Centro de Informática, Universidade Federal de Pernambuco, Recife, PE, Brazil.
Comissão Nacional de Energia Nuclear, Centro Regional de Ciências Nucleares do Nordeste, Recife, PE, Brazil.
Sci Rep. 2024 Jan 10;14(1):956. doi: 10.1038/s41598-023-50332-9.
The timely and accurate diagnosis of candidemia, a severe bloodstream infection caused by Candida spp., remains challenging in clinical practice. Blood culture, the current gold standard technique, suffers from lengthy turnaround times and limited sensitivity. To address these limitations, we propose a novel approach utilizing an Electronic Nose (E-nose) combined with Time Series-based classification techniques to analyze and identify Candida spp. rapidly, using culture species of C. albicans, C.kodamaea ohmeri, C. glabrara, C. haemulonii, C. parapsilosis and C. krusei as control samples. This innovative method not only enhances diagnostic accuracy and reduces decision time for healthcare professionals in selecting appropriate treatments but also offers the potential for expanded usage and cost reduction due to the E-nose's low production costs. Our proof-of-concept experimental results, carried out with culture samples, demonstrate promising outcomes, with the Inception Time classifier achieving an impressive average accuracy of 97.46% during the test phase. This paper presents a groundbreaking advancement in the field, empowering medical practitioners with an efficient and reliable tool for early and precise identification of candidemia, ultimately leading to improved patient outcomes.

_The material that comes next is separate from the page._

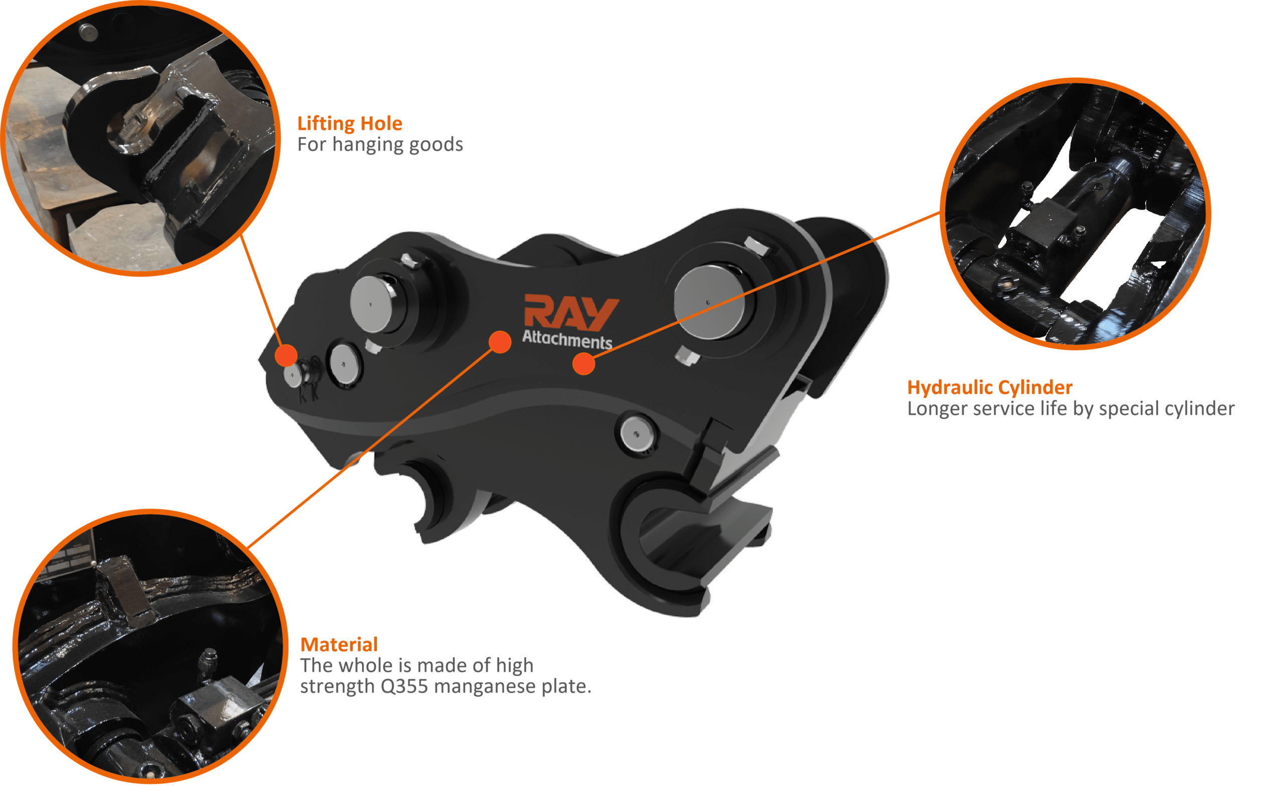 Il modello RQH – MINI è progettato per macchinari con un tonnellaggio inferiore o uguale a 4 tonnellate. Offre un aggancio e sgancio fluido di vari accessori, migliorando l'efficienza del lavoro nelle operazioni su piccola scala.

及时准确地诊断念珠菌血症(由念珠菌属引起的严重血流感染)仍然是临床实践中的挑战。目前的金标准技术——血培养,存在检测周期长和灵敏度有限的问题。为了解决这些局限性,我们提出了一种新的方法,利用电子鼻(E-nose)结合基于时间序列的分类技术,使用白色念珠菌、冲绳念珠菌、光滑念珠菌、近平滑念珠菌、近平滑念珠菌和克柔念珠菌等培养物种作为对照样本,快速分析和识别念珠菌属。这种创新方法不仅提高了医疗保健专业人员选择适当治疗方法的诊断准确性和决策时间,而且由于电子鼻的低成本,还有望扩大使用范围并降低成本。我们使用培养样本进行的概念验证实验结果表明,该方法具有很大的应用潜力,在测试阶段,Inception Time 分类器的平均准确率达到了 97.46%。本文提出了该领域的一项突破性进展,为医疗从业者提供了一种高效可靠的工具,用于早期、准确地识别念珠菌血症,最终改善患者的治疗效果。